** Opening RECORDS FOR PROCESSING block **
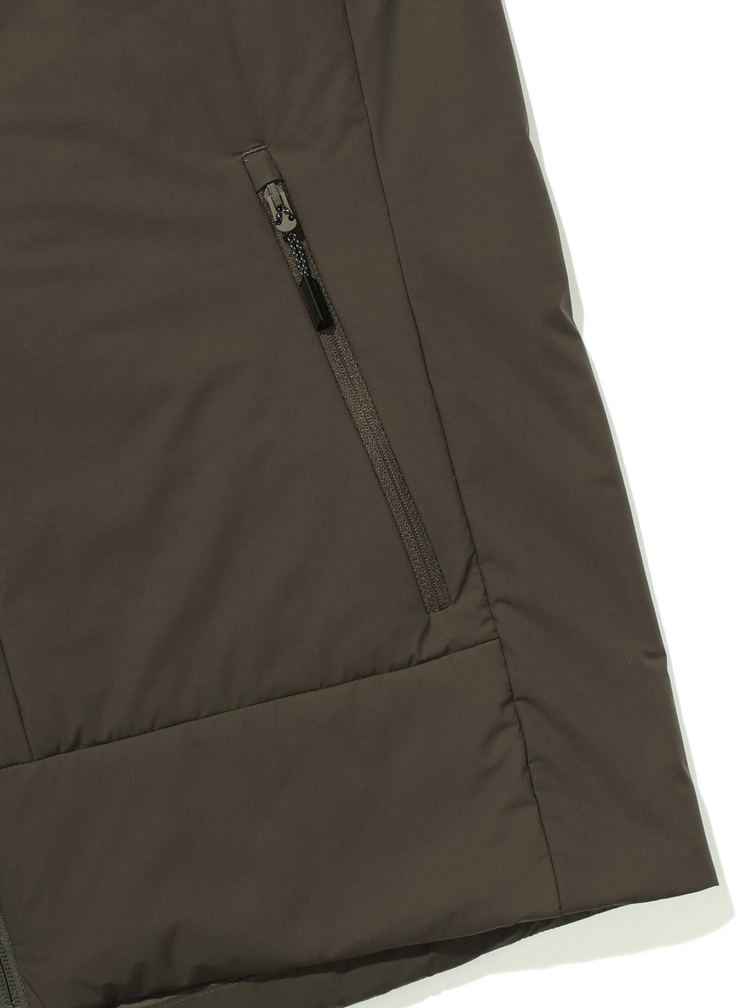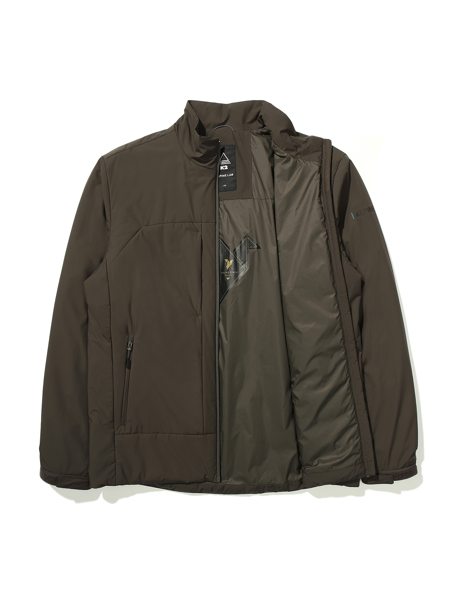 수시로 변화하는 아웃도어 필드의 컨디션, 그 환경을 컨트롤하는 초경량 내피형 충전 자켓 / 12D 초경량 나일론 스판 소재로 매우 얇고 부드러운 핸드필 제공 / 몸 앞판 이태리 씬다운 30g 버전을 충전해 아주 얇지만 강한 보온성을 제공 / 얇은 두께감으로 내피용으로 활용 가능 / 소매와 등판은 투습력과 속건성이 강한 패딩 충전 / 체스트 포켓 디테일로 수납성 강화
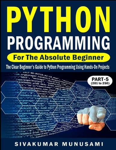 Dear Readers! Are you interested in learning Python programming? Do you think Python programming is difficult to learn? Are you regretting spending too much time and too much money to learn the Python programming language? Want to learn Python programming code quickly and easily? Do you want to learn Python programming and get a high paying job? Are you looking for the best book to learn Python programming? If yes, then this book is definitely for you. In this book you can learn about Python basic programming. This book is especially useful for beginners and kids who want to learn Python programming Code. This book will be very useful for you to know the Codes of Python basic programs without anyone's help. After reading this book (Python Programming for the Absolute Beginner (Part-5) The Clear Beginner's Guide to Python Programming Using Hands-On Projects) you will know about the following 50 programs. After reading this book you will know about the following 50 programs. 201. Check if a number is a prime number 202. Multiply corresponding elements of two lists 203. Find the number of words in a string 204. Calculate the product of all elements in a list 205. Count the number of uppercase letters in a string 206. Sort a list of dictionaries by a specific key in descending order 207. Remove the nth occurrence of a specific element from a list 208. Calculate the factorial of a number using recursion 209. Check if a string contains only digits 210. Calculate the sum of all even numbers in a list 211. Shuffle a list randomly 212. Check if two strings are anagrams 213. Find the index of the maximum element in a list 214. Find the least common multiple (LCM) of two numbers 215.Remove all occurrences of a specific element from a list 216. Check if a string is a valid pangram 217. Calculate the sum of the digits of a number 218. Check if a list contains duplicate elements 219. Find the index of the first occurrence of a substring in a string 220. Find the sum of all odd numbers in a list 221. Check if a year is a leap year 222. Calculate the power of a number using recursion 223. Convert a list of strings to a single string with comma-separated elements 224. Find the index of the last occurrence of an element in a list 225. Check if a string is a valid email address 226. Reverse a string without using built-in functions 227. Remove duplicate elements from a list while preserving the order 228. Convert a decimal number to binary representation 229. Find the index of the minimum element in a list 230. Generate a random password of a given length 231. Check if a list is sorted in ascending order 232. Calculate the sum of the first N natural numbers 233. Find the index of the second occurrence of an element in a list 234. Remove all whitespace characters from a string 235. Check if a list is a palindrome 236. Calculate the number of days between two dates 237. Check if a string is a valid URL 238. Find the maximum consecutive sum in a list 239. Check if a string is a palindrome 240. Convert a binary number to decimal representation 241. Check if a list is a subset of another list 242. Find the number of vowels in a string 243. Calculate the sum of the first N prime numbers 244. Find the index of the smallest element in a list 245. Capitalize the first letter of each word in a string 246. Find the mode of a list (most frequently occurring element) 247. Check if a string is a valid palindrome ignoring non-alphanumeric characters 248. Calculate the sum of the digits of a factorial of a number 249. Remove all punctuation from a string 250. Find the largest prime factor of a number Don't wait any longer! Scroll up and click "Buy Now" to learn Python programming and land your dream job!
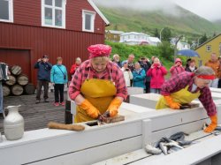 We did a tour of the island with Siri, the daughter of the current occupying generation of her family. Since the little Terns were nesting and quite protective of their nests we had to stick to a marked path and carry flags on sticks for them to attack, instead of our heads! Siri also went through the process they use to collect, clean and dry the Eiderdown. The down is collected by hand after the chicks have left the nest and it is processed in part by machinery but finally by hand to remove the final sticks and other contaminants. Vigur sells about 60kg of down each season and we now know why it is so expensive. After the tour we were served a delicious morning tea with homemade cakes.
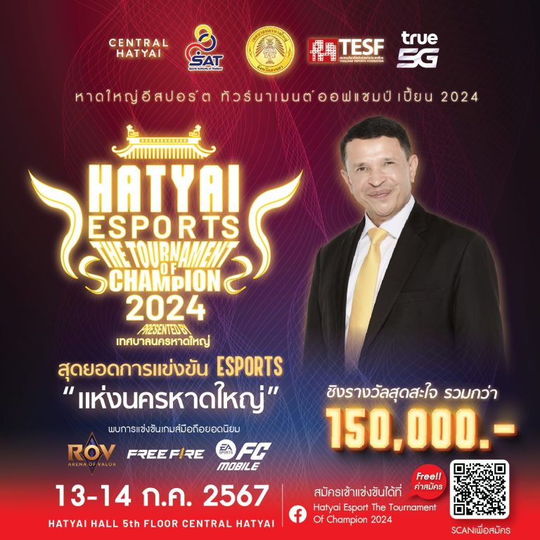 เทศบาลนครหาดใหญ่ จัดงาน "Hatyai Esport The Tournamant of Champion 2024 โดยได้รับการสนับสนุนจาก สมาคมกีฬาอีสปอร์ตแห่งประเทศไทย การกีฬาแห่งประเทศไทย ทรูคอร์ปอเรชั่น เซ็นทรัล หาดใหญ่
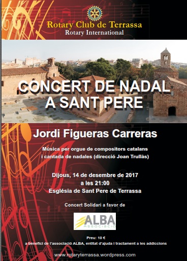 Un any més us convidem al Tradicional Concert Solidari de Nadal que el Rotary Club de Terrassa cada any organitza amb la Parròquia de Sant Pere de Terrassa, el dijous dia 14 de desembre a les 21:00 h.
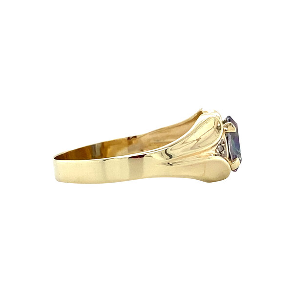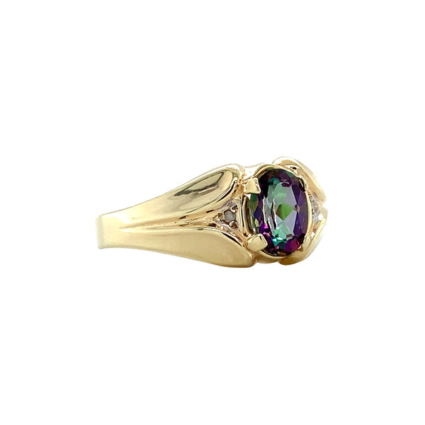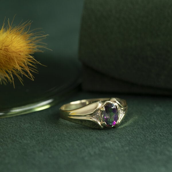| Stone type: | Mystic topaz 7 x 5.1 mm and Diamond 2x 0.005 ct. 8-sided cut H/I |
** Closing RECORDS FOR PROCESSING block **
** Opening RECORDS FOR PROCESSING block **
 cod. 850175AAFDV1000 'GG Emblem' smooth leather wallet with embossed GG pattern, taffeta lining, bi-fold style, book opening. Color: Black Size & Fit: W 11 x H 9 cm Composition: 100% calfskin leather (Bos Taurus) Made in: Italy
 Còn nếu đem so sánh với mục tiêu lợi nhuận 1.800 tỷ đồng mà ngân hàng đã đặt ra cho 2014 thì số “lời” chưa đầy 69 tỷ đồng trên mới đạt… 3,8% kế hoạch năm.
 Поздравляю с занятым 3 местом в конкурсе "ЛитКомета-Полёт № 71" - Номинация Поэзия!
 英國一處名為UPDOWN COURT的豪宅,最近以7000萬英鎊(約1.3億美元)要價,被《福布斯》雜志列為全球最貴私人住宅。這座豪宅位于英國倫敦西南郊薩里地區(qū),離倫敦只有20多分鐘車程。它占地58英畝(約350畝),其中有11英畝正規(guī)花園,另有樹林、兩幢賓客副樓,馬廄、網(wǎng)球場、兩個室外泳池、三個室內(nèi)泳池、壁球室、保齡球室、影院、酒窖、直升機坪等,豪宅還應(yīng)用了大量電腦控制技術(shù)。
** Closing RECORDS FOR PROCESSING block **
PROBLEM DETAILS:
Range to copy from the listing above: the line with "Un any més us" through the line with "8-sided cut H/I |". Transcribe it exactly and skip the pictures.

RESULT FOR THIS EXERCISE:
 Un any més us convidem al Tradicional Concert Solidari de Nadal que el Rotary Club de Terrassa cada any organitza amb la Parròquia de Sant Pere de Terrassa, el dijous dia 14 de desembre a les 21:00 h.
| Stone type: | Mystic topaz 7 x 5.1 mm and Diamond 2x 0.005 ct. 8-sided cut H/I |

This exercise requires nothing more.